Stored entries
^^^^^^^^
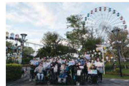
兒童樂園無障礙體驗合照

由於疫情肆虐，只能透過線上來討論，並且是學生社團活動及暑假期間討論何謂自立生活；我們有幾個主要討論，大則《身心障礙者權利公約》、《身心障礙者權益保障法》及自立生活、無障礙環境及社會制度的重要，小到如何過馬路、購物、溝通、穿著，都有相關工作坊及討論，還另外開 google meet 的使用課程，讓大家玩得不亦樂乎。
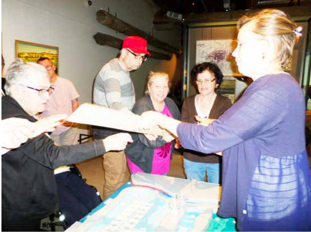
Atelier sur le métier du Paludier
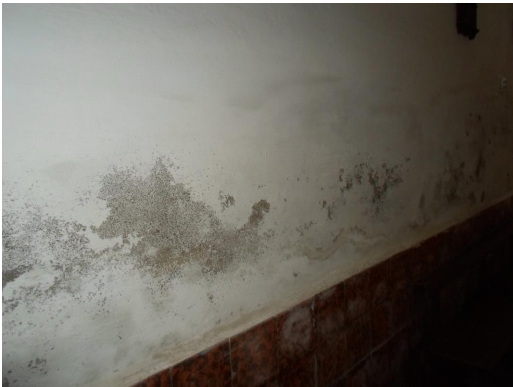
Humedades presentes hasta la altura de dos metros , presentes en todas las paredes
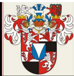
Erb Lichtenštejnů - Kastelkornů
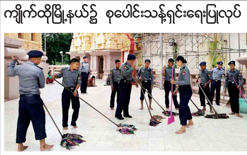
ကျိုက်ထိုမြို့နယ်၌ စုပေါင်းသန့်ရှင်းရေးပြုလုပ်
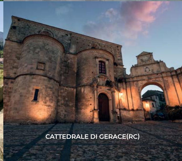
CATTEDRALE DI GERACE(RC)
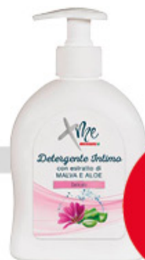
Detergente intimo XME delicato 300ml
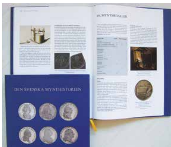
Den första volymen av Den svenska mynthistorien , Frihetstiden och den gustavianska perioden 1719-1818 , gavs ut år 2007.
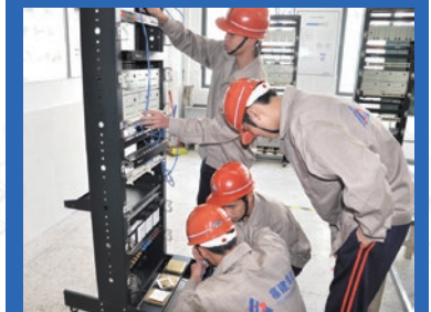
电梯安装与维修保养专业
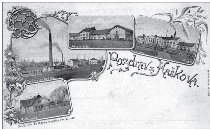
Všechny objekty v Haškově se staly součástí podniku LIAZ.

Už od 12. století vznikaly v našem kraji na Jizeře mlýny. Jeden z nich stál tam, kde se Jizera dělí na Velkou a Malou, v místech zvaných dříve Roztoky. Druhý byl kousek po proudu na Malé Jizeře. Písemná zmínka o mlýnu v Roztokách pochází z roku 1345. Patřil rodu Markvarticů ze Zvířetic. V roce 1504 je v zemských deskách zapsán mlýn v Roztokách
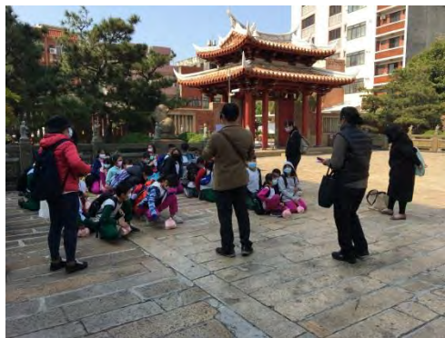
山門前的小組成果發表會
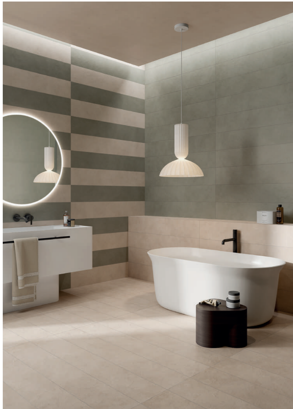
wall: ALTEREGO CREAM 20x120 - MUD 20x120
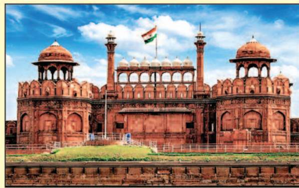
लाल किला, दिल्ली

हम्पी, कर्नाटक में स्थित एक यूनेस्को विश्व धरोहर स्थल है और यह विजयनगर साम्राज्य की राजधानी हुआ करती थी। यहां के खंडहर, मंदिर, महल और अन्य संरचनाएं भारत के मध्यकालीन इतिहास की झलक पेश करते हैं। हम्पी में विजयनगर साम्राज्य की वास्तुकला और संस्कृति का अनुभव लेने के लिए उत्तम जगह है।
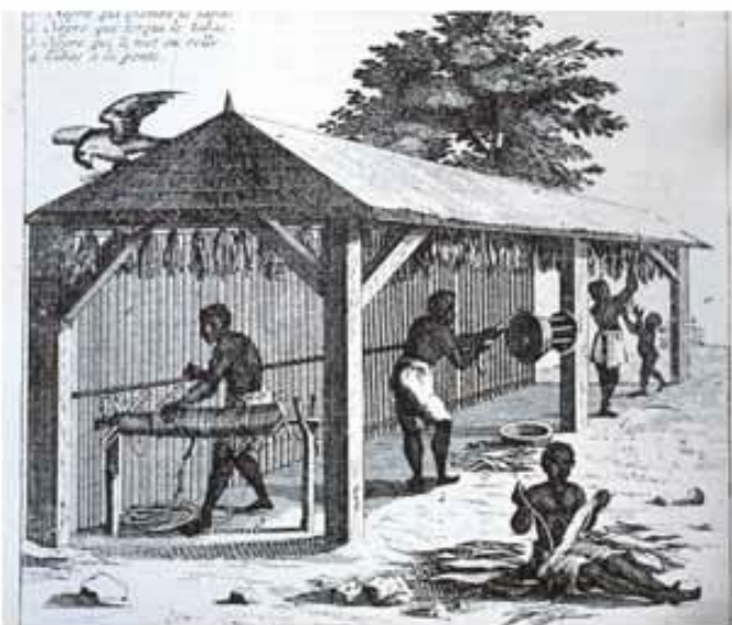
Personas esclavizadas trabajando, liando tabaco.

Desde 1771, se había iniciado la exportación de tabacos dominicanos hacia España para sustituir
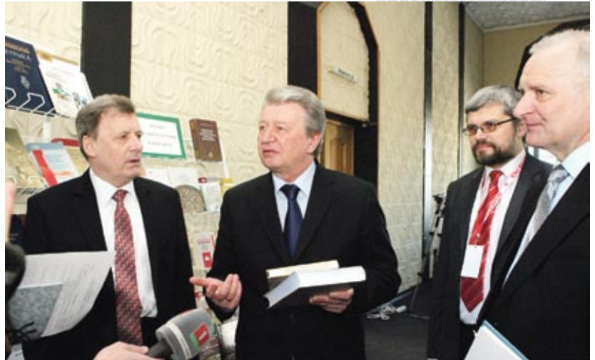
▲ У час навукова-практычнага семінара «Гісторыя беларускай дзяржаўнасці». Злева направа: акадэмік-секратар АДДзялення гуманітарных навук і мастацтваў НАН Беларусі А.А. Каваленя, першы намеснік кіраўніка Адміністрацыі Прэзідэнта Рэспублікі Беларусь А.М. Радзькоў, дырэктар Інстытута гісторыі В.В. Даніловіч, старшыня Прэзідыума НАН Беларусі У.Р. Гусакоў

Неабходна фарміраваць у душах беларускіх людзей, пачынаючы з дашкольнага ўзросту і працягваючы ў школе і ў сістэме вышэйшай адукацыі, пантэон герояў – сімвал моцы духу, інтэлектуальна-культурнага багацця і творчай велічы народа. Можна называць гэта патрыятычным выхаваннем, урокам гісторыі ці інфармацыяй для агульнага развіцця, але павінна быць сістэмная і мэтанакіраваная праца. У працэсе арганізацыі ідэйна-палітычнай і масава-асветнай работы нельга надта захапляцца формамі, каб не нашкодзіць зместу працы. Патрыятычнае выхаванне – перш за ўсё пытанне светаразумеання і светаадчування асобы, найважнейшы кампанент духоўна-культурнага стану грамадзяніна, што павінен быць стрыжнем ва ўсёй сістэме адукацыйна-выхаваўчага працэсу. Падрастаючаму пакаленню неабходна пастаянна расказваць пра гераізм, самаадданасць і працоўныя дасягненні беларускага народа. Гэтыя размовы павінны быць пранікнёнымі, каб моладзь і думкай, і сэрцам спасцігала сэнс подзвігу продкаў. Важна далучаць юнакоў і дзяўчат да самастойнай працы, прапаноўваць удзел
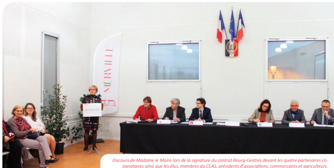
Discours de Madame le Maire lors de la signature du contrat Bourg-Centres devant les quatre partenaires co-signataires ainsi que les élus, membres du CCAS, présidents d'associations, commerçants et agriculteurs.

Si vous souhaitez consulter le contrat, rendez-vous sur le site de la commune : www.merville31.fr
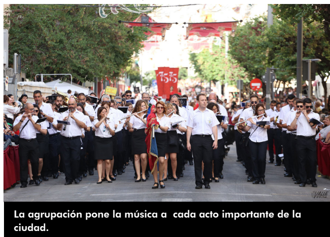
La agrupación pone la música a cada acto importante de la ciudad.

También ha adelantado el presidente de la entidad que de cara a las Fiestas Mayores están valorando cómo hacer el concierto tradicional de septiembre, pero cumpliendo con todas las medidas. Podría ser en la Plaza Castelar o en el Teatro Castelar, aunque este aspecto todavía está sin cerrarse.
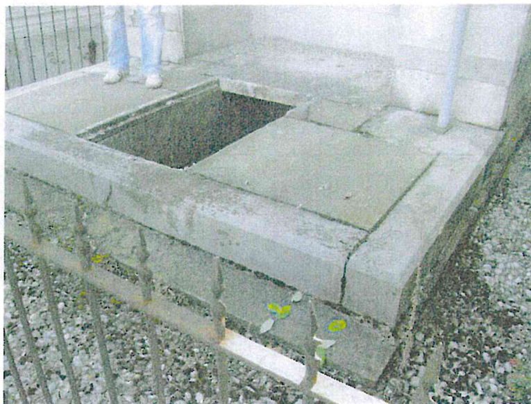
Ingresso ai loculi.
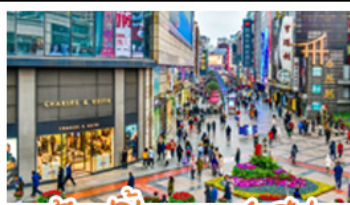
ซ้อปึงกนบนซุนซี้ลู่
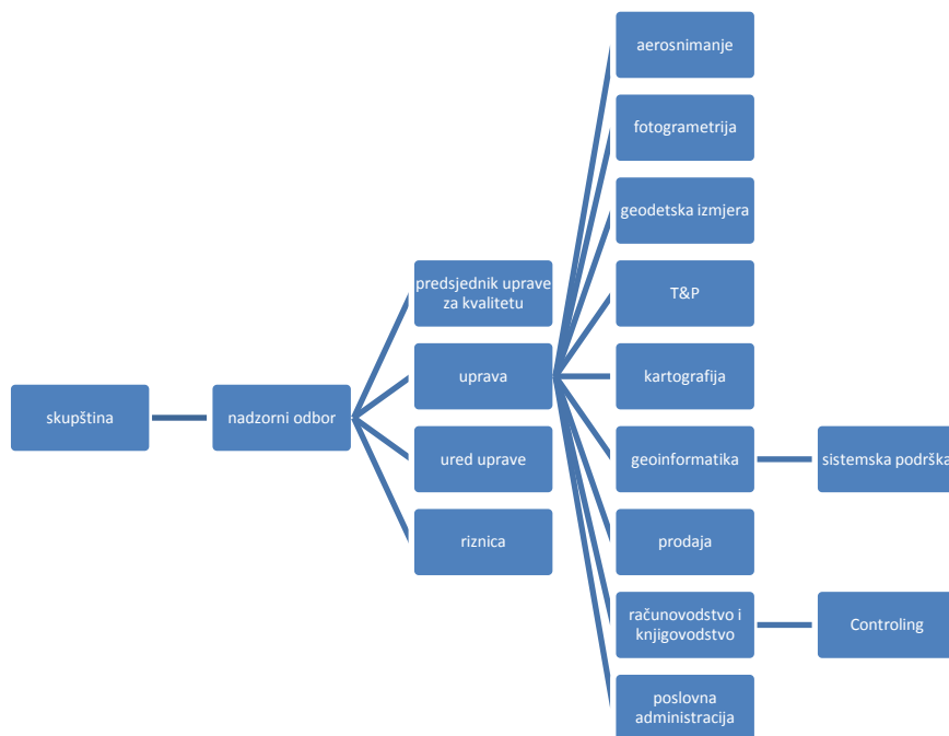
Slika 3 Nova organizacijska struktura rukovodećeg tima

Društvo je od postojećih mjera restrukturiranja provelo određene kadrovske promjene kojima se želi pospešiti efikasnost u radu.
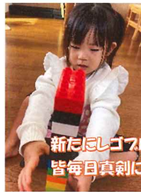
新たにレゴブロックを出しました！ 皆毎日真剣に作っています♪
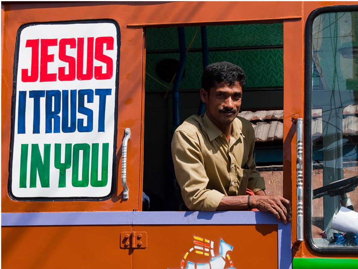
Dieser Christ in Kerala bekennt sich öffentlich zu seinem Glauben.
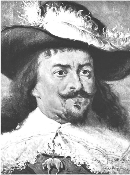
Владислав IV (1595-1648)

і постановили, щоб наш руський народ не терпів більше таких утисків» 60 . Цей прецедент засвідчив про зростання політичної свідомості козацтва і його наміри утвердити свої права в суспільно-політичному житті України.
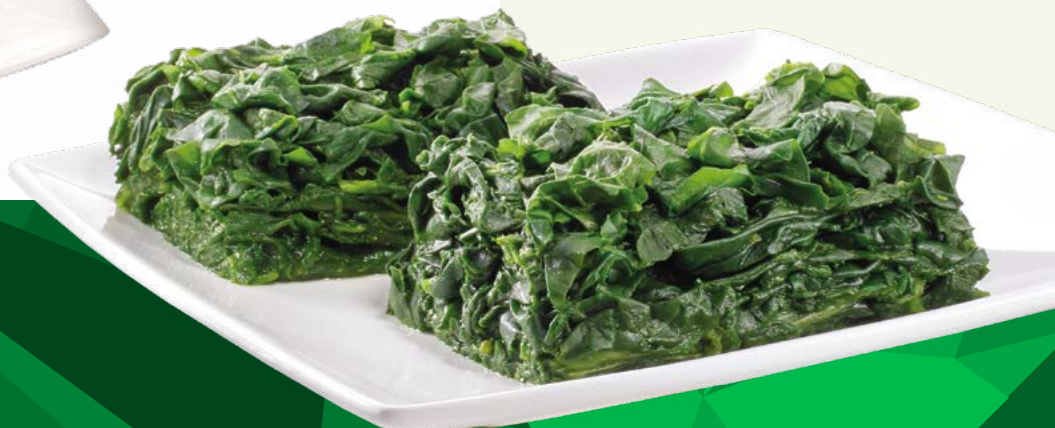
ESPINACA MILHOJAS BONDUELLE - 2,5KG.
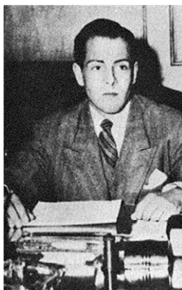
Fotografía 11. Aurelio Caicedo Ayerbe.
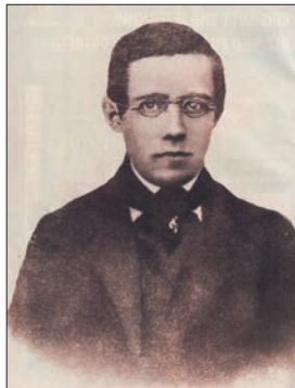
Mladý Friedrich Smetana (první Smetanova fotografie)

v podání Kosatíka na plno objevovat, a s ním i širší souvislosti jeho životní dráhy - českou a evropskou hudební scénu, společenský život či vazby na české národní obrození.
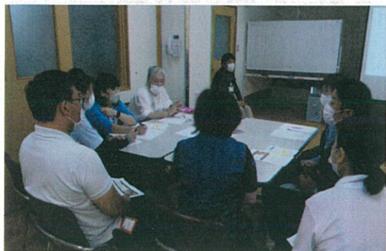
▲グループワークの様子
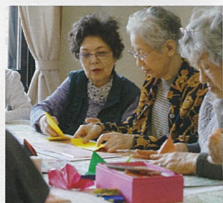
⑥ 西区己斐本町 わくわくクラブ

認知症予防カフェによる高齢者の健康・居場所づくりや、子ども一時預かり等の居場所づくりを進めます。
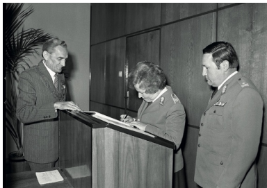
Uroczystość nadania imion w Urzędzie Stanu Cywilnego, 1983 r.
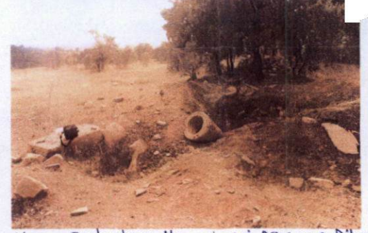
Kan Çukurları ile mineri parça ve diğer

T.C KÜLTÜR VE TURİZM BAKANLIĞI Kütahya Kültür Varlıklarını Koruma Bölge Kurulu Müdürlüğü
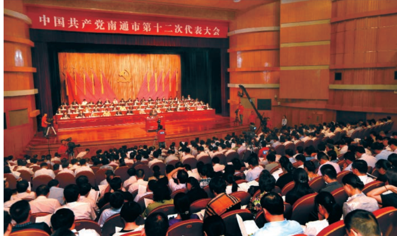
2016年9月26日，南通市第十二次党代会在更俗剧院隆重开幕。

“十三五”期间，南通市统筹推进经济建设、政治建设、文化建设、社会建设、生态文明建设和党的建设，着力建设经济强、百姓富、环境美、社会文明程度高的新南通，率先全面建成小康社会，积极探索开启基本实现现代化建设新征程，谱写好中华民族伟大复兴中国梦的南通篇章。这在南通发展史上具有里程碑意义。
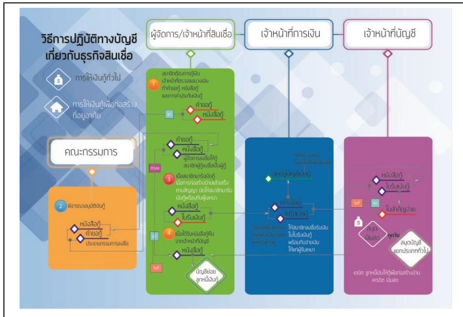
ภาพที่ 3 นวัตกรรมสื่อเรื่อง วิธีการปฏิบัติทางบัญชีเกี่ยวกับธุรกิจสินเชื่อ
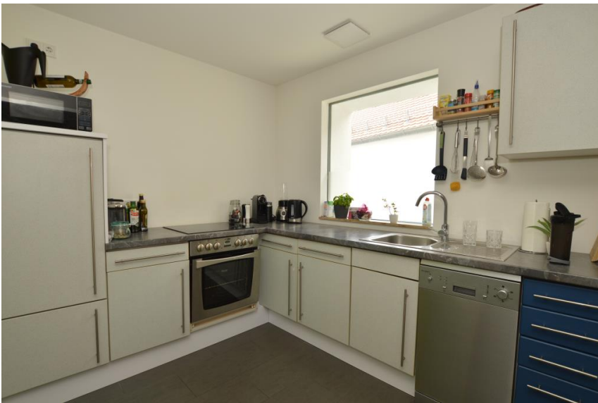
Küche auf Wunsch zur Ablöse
^^^^^^^^
→ **Problem**
With the pictures omitted, print the lines above exactly, beginning at the line with "La agrupación pone" and going on through the line with "認知症予防カフェによる高齢者".

→ **Solved problem**
La agrupación pone la música a cada acto importante de la ciudad.

También ha adelantado el presidente de la entidad que de cara a las Fiestas Mayores están valorando cómo hacer el concierto tradicional de septiembre, pero cumpliendo con todas las medidas. Podría ser en la Plaza Castelar o en el Teatro Castelar, aunque este aspecto todavía está sin cerrarse.
Ingresso ai loculi.
ซ้อปึงกนบนซุนซี้ลู่
Slika 3 Nova organizacijska struktura rukovodećeg tima

Društvo je od postojećih mjera restrukturiranja provelo određene kadrovske promjene kojima se želi pospešiti efikasnost u radu.
新たにレゴブロックを出しました！ 皆毎日真剣に作っています♪
Dieser Christ in Kerala bekennt sich öffentlich zu seinem Glauben.
Владислав IV (1595-1648)

і постановили, щоб наш руський народ не терпів більше таких утисків» 60 . Цей прецедент засвідчив про зростання політичної свідомості козацтва і його наміри утвердити свої права в суспільно-політичному житті України.
ESPINACA MILHOJAS BONDUELLE - 2,5KG.
Fotografía 11. Aurelio Caicedo Ayerbe.
Mladý Friedrich Smetana (první Smetanova fotografie)

v podání Kosatíka na plno objevovat, a s ním i širší souvislosti jeho životní dráhy - českou a evropskou hudební scénu, společenský život či vazby na české národní obrození.
▲グループワークの様子
⑥ 西区己斐本町 わくわくクラブ

認知症予防カフェによる高齢者の健康・居場所づくりや、子ども一時預かり等の居場所づくりを進めます。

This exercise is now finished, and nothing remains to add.